# Got the response from the ADRE



## sisterpine (May 9, 2004)

Please be careful. We thought we were careful and through but apparently not enough.

Got a response from the Arizona Department of Real Estate regarding the complaint I filed about failure to disclose a couple of things prior to our purchase of our current stead (which we totally love anyway). One of the things the seller and her agent failed to disclose is the history of earth fissure on our street. The ADRE said that the seller did mark that there has been soil subsistence (which the ADRE called a fissure) even though the fissure box was not marked or commented on. The second thing was the evidence that our well had gone dry in recent history. The ADRE stated that the real estate agent spoke to the "well digger" who told her the well was at 121 feet while the water was at 70 feet. There was no mention of any well issue aside from the ability to run an exterior hose at 3/4 volume and still maintain the water for the residence showers etc. In reality the well went dry in 2013 and burned out the pump. Some well person came and replaced the pump and installed a pump saver to shut the well off when it goes dry in the future.

Now, maybe to you this seems to be a wash but we surely feel like we have been defrauded. It will cost us 15-20K to remedy the situation and though a decent attorney is willing to take the case he felt we could win but would likely never see any money from the seller. So we decided to bite the bullet and pick a different battle while using our money to remedy the situation.

I am not sure what else we could have or should have done to protect ourselves ....just wanted to warn others. Sis


----------



## EAParent (May 31, 2014)

I'm so sorry to say this, but apparently I'm the first one that's willing to. 

You've not been defrauded. It's your responsibility to do your due diligence. Before purchase, you should have been aware of these issues. In fact, you should have been aware or every single issue.

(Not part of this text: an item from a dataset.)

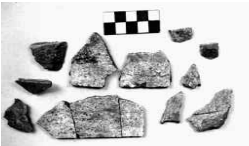
Fragmentos cerámicos Estilo Tabay

Las evidencias cerámicas encontradas en esta excavación permiten inferir que el sitio fue ocupado por grupos humanos portadores de alfarería perteneciente al Estilo Tabay cuya cronología se extiende desde el año 1050 a.C. al 1500 d.C. (Cruxent y Rouse, 1958: Tomo I: 253; Tomo II: 102)
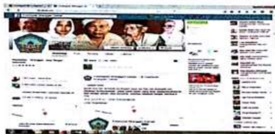
Alamat Facebook Pondok Pesantren Futuhiyyah Mranggen Demak

Yes, getting all of that info would have cost a bit, but in the end you wouldn't have purchased property that you weren't prepared to deal with.


----------



## CraterCove (Jan 24, 2011)

Even when you ask direct questions of your agent and the seller's agent and they either intentionally or through their own ignorance fail to disclose there really seems to be about nothing to do about it.

The agents in our case outright lied about there being an HOA in our area when asked directly and all we can get from a lawyer is that we don't have any damages (despite the hoa saying no goats and no more than three of any allowable animal) and we bought 20 acres surrounded by no neighbors and state forest. Straightly stated; had we known of the hoa we would _never_ have purchased the property but lawyer says doesn't matter, we have no damages.

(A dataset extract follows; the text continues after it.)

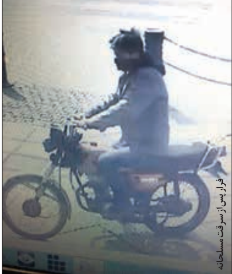
سارق مسلح هنگام ارتکاب جرم در بانک

So disclosure laws or regulations are simply BS and unenforceable.


----------



## sisterpine (May 9, 2004)

You know, we tried hard to do our due diligence, I spoke to her well man, got a well report from the state and a well test from the driller, I was very clear with my realtor about not wanting to live where there were well problems or fissure issues. I spoke with the sellers realtor prior to coming out to see the house to confirm that the well is healthy and the land stable. What more am I to do? I walked the land hand the house inspected, ran the public records on the place. Yes the things in the spds should have led me to ask questions...which I did. It does not matter now, the house is ours and we will fix it up. But I swear I would never lie or cover up a problem with a property I was selling. My house sold in less than three days and I made sure the buyer knew both the good and the bad about the house before I accepted his offer.


----------



## joshcheney (Feb 2, 2011)

Disclosure: Currently practicing Maine agent

It's stuff like this that really upsets me. In Maine, those issues would have been classified as material defects - an issue that is significant enough that you would have made different choices in the buying process. If the seller or the seller's agent know of any material defects, they are required by law to disclose them. Personally, I take my disclosures a bit further - if there is anything wrong beyond basic wear and tear, let's have it out. First of all, it's the right thing to do. Period. Second, one of, if not *the* worst possible outcome of a transaction is to have the buyer withdraw due to a known but undisclosed material defect. I operate in a small enough community that once that happens, that property is basically toast, because nobody will want to take the risk that there is another issue that the seller didn't disclose. 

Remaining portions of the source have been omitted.